→ Task directions
In the reply, give back exactly the lines from the one with "- Stilfuldt håndtag" through the last line of the records, without pictures.

→ Saved data entries
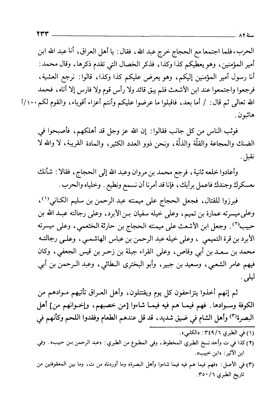 [3] في الأصل: «فهم فيما هم فيه فيما شاءوا وأهل البصرة» وما أوردناه من ت، وما بين المعقوفتين من تاريخ الطبري 6/ 350.
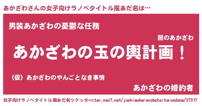| 男性向けラノベタイトル風あだ名 | 『転生したらあかざわだった件』 |
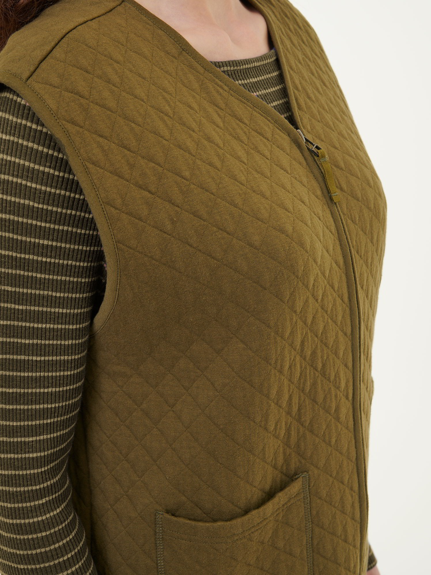 Bereit für ein Abenteuer?Lässige Steppweste in softem Kaktus-Grün: ärmellos, bequem und angenehm-weich im Griff. Der durchgehende Reißverschluss und zwei aufgesetzte Eingriffstaschen auf der Vorderseite sorgen für praktische Funktionalität, während das weiche Naturmaterial – reine Baumwolle kbA, GOTS-zertifiziert – in doubliertem Strukturjersey Natürlichkeit und Qualität verspricht. Ideal für den Lagen-Look an kühleren Tagen – ob unterwegs oder ganz entspannt zuhause. Mit dezentem Logo-Patch auf der Innenseite.Schnitt: leger. In Größe S (36/38) ca. 62 cm lang. Unsere Models sind zwischen 175 cm und 177 cm groß und tragen Kleidergröße 36.Ökologisch & fair produziertDieses Kleidungsstück entsteht aus Baumwolle kbA und Wolle kbT. Es wird nach strengen Richtlinien – wie dem Global Organic Textile Standard – und nach größter ökologischer Sorgfalt bei unserem Partnerbetrieb gefertigt.Material: 100 % Baumwolle.Materialherkunft: Baumwolle kbA aus der Türkei. Gewirkt in Litauen. Gefertigt in Litauen nach dem GOTS. -
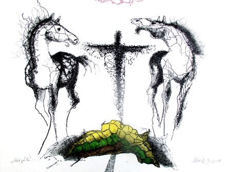 Az ún. közös Művet egy falon állították ki a művészek, és tizenhét részletből áll. Közös a mű, mert az alkotások ihletforrása Kányádi Sándor A jó két ló szolgája c. verse, és az alkotók azonos méretű farostlemezre vitték rá a költemény keltette érzéseiket, gondolataikat. Kányádi életművének egyik visszatérő motívuma a lovait kereső, lovait elveszítő gyermek. A motívum mögött gyermekkori megélt tapasztalat áll: kedvenc lovát farkasok tépték szét. A tizenhét alkotáson, amely a közös Művet alkotja, a költemény fő motívumaival találkozunk: a gyermekkel, aki kezdetben kényszerű szolgája a lovaknak, a lovakkal, amelyek aztán egy megváltozott viszonyban a gyermek társaivá lesznek-alakulnak, mígnem szoros összetartozásuknak a lovak halála vet véget. A vers legszebb képe a zárlatban található: „Csillag-zabot esznek,/ hold szalmáján hálnak,/ csengős táncot már csak/ álmaimban járnak.”, nem véletlen, hogy legtöbb alkotást ez a látomás ihlette meg.
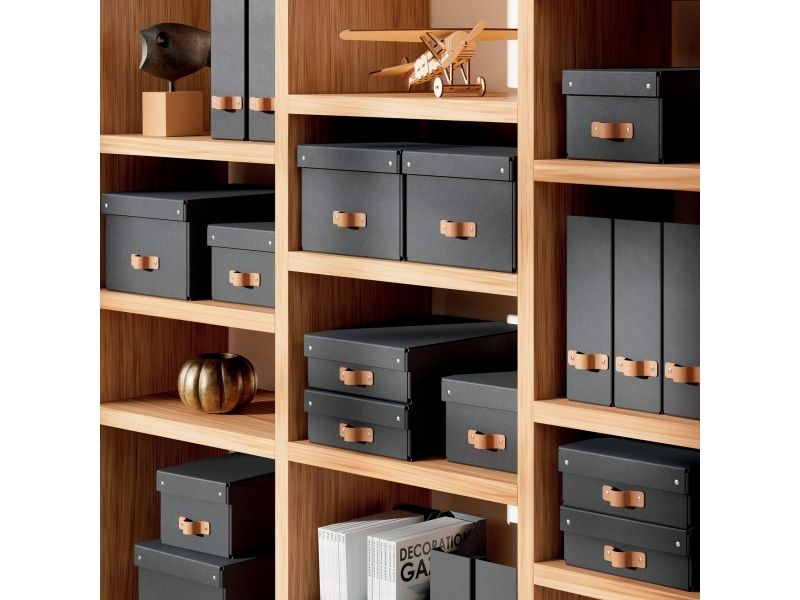 - Stilfuldt håndtag i læder gør kasserne nemme at få ud af hylder, reoler, klædeskabe og skabe
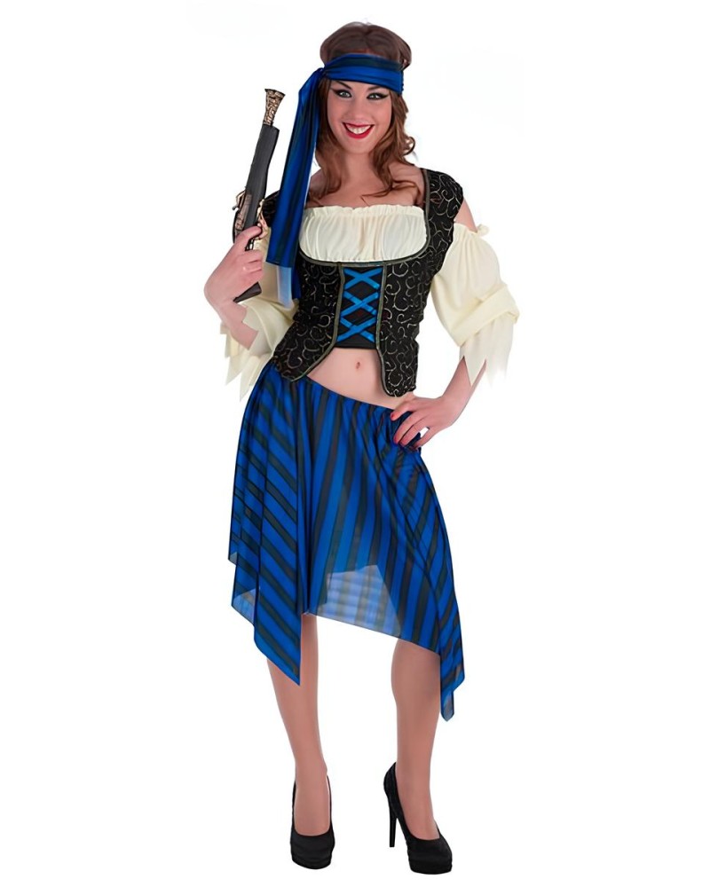 Disfraz de Pirata Bucanera Adulto Mujer. Embárcate en la aventura con este auténtico disfraz de pirata para mujer. Ideal para fiestas temáticas, Halloween o carnaval, este conjunto te transformará en una audaz bucanera lista para conquistar los siete mares. Comodidad y estilo se unen para que disfrutes al máximo de cada celebración.

→ Exercise output
 - Stilfuldt håndtag i læder gør kasserne nemme at få ud af hylder, reoler, klædeskabe og skabe
 Disfraz de Pirata Bucanera Adulto Mujer. Embárcate en la aventura con este auténtico disfraz de pirata para mujer. Ideal para fiestas temáticas, Halloween o carnaval, este conjunto te transformará en una audaz bucanera lista para conquistar los siete mares. Comodidad y estilo se unen para que disfrutes al máximo de cada celebración.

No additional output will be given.